Microservices is the prevalent architectural style of the day. So much so that there isn’t much value in describing what it means and its advantages, there is plenty of great content available out there. Instead, we are going to talk a bit about what we’ve learned growing a complex system over the past six years.

Six years is also the entire lifespan of the company, which means we started with microservices from day one, defying the standard advice of starting with a monolith. The rationale usually given is that it is best to optimize for quick pivoting in the beginning, while the startup is searching for market fit, to later refactor to a more stable structure. We found it to be true that starting with microservices, particularly in 2013, made us slower in the beginning. Putting together a complex provisioning infrastructure while building the product from scratch was a lot for a small team, and it took some time until we felt the work flowed smoothly. On the other hand, our business wasn’t very inclined to quick pivots, and those early months were probably the best time for investing in a solid foundation, rather than later when we had to face the increased pressures of scaling and building out the feature set.

That is not to say we got everything right from the start. On the contrary, we had to change many of our core abstractions as we understood the domain in more depth, which meant at times that we had to redraw service boundaries. This learning process continues to this day, at any given time one squad or another will be working on splitting up a service or merging two services together.

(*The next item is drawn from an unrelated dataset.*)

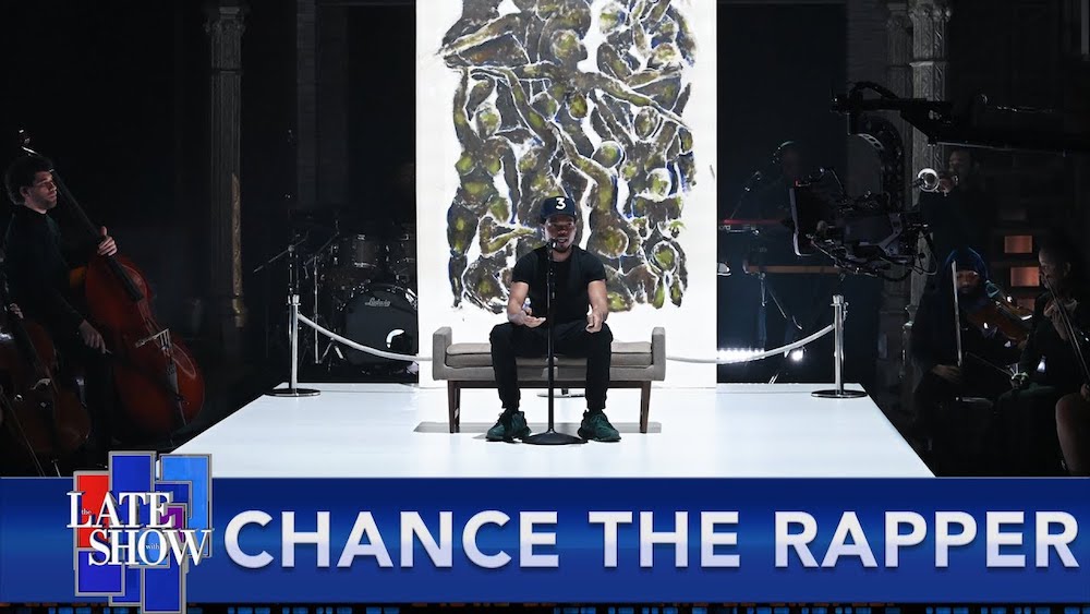 On last night's Late Show, Chance, who is still wearing the 3 hat, performed "Child Of God" while sitting in front of the Naïla Opiangah painting from the single's cover art. The stage set was made up to look a bit like a museum, with Chance rapping on a raised platform with string musicians off to either side of it and with the lyrics flashing on the screen. Moses Sumney did not take part in the performance, but Naïla Opiangah joined Chance onstage at the end. The whole thing has a real Def Poetry Jam vibe, but that's nothing new for Chance. Chance isn't really trying to switch his style up, and he still knows how to perform on TV.

Our production infrastructure went through several iterations. We started on top of a managed Chef service, experimented with CoreOS Fleet and ECS, built a simple DIY one-container-per-vm infra using core AWS EC2 abstractions and CloudFormation, to finally converge on rolling our own Kubernetes clusters. It was a long journey but made much less arduous due to pervasive automation. All of our cloud resources, since the very beginning, are provisioned through some kind of automated process. Even one-offs, like that livegrep instance one squad wanted to get running in no time, have to be automated. Like most things in the company, the obsession with automation is much more of a cultural norm than an imposed rule.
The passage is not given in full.